Editorial: Work Service grading system changes for the better

Junior+Nina+Vo+cleans+the+student+lounge+for+work+service.

Gina Nguyen

Junior Nina Vo cleans the student lounge for work service.

Editorial Staff, The Vision

The endless memories we make here often supersede the stressful days and sleepless nights. That’s why we as students feel the need to give back to our school, whether in donating after we’re long gone or doing simple deeds while we’re still here. However, assigning a numerical grade to janitorial services is outright diminishing to students’ willingness to give back to the school.

Recently, the grading system changed and became pass/fail. This was a step in the perfect direction for the student body because a pass/fail work service is less ambiguous than the highly subjective previous system.

All MSMS students are required to complete a certain amount of work service periods every nine-weeks. Most students have to do things such as clean bathrooms, hallways, labs, etc. The work service advisers can grade students one of four choices: (in order from highest grade to lowest) Outstanding (O), Satisfactory (S), Needs Improvement (NI) and Unsatisfactory (U).

Work service plays a huge part in which privilege plan we receive, which is testing being that the system is highly unfair for students who have different advisers. Some students could get away with half-doing work service and get an O while others receive an S or NI for their best work because their adviser may be bit more strict.

Advisers are now  more likely to be consistent with one another because, as we all know, it’s easier to mark pass or fail decision rather than grading students’ free labor based on a system that does not have a definitive grading rubric listing all of the criteria.

We as students need consistency and structure just like any faculty or staff member. We need to be able to predict the privilege plan that we could possibly obtain. We need to be able to know what to expect as a work service grade when we have done everything to best of our ability to do our duty as students.

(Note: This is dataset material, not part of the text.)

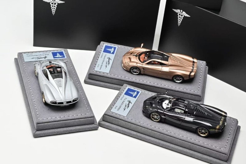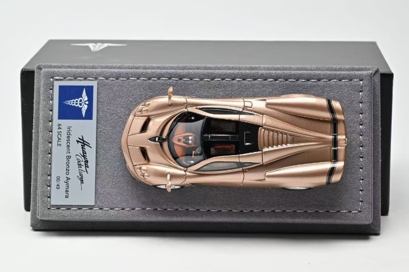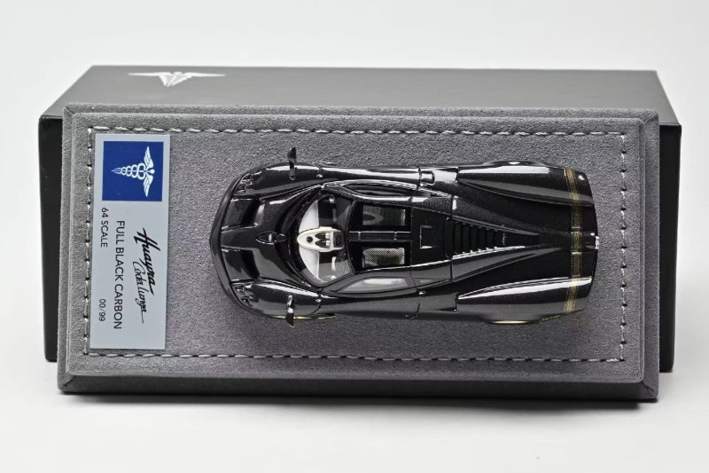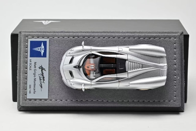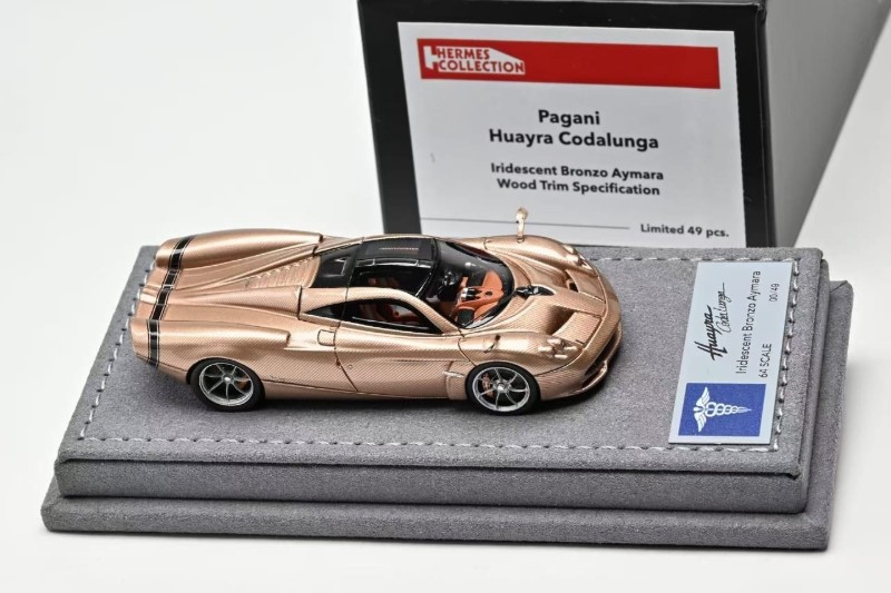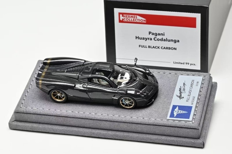 News from Hermes Collection is the new 1:64 scale metal and sealed Huayra Codalunga. Three colour options include: Iridescent Bronzo Aymara Wood Trim Specification, Full Black Carbon and Matt Grigio Montecarlo. Product is capped at 149 units or less. Delivery is noted as March 2026.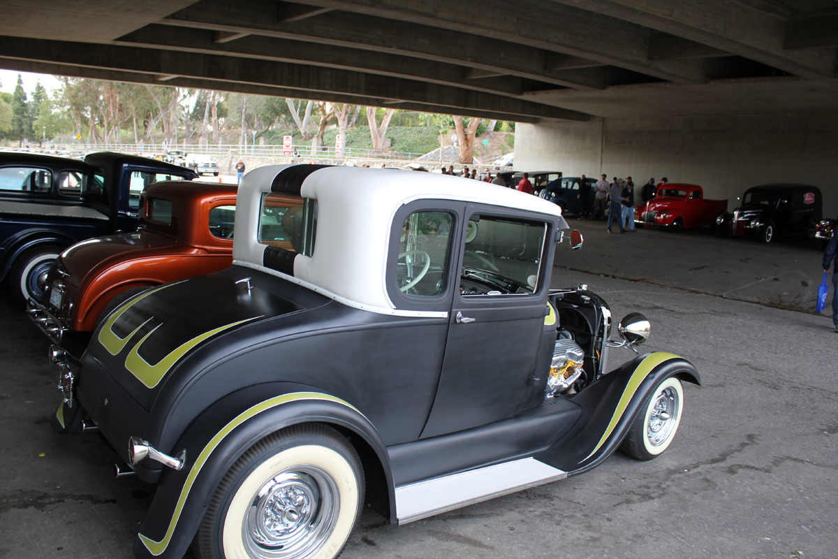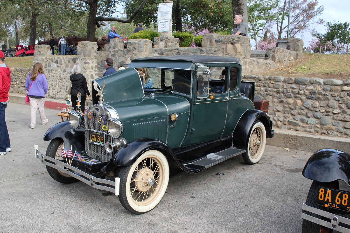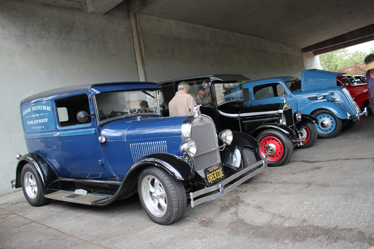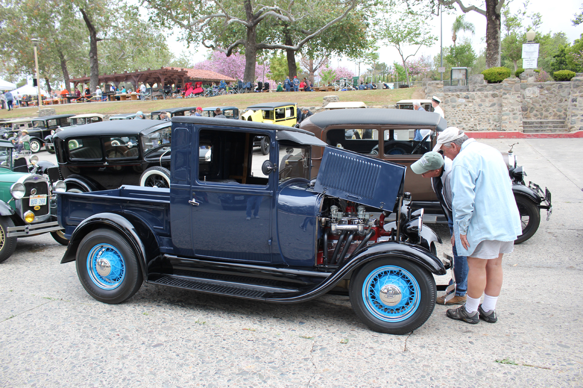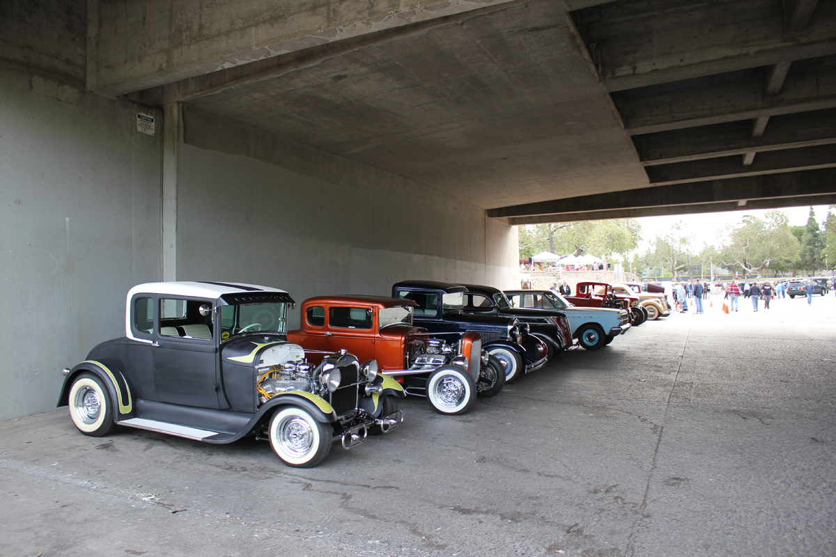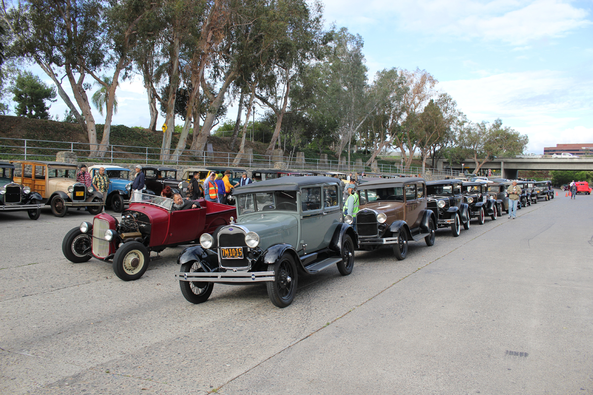 With nearly 300 Ford Model A’s on average appearing at Hart Park, this year a threat of rain brought out the die-hards. From roadsters to sedans, Hot Rods to Gennies, this show is a must-see for any early Ford or classic car enthusiast. The show is held at Hart Park, nearly 42 acres in the edge of Old Towne Orange, California’s largest historic district. The park was acquired by the city in 1933 and features a large picnic area, swimming pool, tot-lots and 2 lighted baseball fields. Parking is in a paved portion of the usually dry, Santiago Creek under the Glassell street bridge the parking turns into a bike trail that will take you towards the beach or up to the foothills. On a day like this with flash flood warnings, I found it brave for the cars to park in the “Orange Plunge”.

Most of all, we need choices and options–a voice. We understand the reasoning behind the work service duties for the most part, and this step towards meeting us in the middle with our wants and dislikes with the work service system shows that administration has started to hear that voice that has been muffled for so long.

With the new grading system, work service does not have to be an everyday worry for students anymore. We can now somewhat appreciate it as an integral aspect in the MSMS experience that teaches responsibility and accountability, thus adding it to the list of endless memories.